In [1]: AutoFeatureExtractor.from_pretrained("facebook/w2v-bert-2.0")
Out[1]: Wav2Vec2Processor:
- feature_extractor: Wav2Vec2FeatureExtractor {
"do_normalize": true,
"feature_extractor_type": "Wav2Vec2FeatureExtractor",
"feature_size": 1,
"padding_side": "right",
"padding_value": 0.0,
"return_attention_mask": false,
"sampling_rate": 16000
}
- tokenizer: Wav2Vec2CTCTokenizer(name_or_path='facebook/wav2vec2-base', vocab_size=32, model_max_length=1000000000000000019884624838656, is_fast=False, padding_side='right', truncation_side='right', special_tokens={'bos_token': '<s>', 'eos_token': '</s>', 'unk_token': '<unk>', 'pad_token': '<pad>'}, clean_up_tokenization_spaces=False, added_tokens_decoder={
0: AddedToken("<pad>", rstrip=True, lstrip=True, single_word=False, normalized=False, special=False),
1: AddedToken("<s>", rstrip=True, lstrip=True, single_word=False, normalized=False, special=False),
2: AddedToken("</s>", rstrip=True, lstrip=True, single_word=False, normalized=False, special=False),
3: AddedToken("<unk>", rstrip=True, lstrip=True, single_word=False, normalized=False, special=False),
}
)
{
"processor_class": "Wav2Vec2Processor"
}
In [2]: AutoProcessor.from_pretrained("facebook/w2v-bert-2.0")

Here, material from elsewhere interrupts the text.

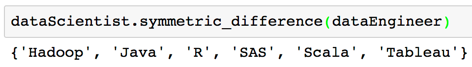 dataEngineer = set(['Python', 'Java', 'Scala', 'Git', 'SQL', 'Hadoop'])

Out[2]: ---------------------------------------------------------------------------
OSError Traceback (most recent call last)
File ~/miniconda3/envs/vaanienv/lib/python3.12/site-packages/transformers/models/wav2vec2_bert/processing_wav2vec2_bert.py:56, in Wav2Vec2BertProcessor.from_pretrained(cls, pretrained_model_name_or_path, **kwargs)
55 try:
---> 56 return super().from_pretrained(pretrained_model_name_or_path, **kwargs)
57 except OSError:
File ~/miniconda3/envs/vaanienv/lib/python3.12/site-packages/transformers/processing_utils.py:974, in ProcessorMixin.from_pretrained(cls, pretrained_model_name_or_path, cache_dir, force_download, local_files_only, token, revision, **kwargs)
972 kwargs["token"] = token
--> 974 args = cls._get_arguments_from_pretrained(pretrained_model_name_or_path, **kwargs)
975 processor_dict, kwargs = cls.get_processor_dict(pretrained_model_name_or_path, **kwargs)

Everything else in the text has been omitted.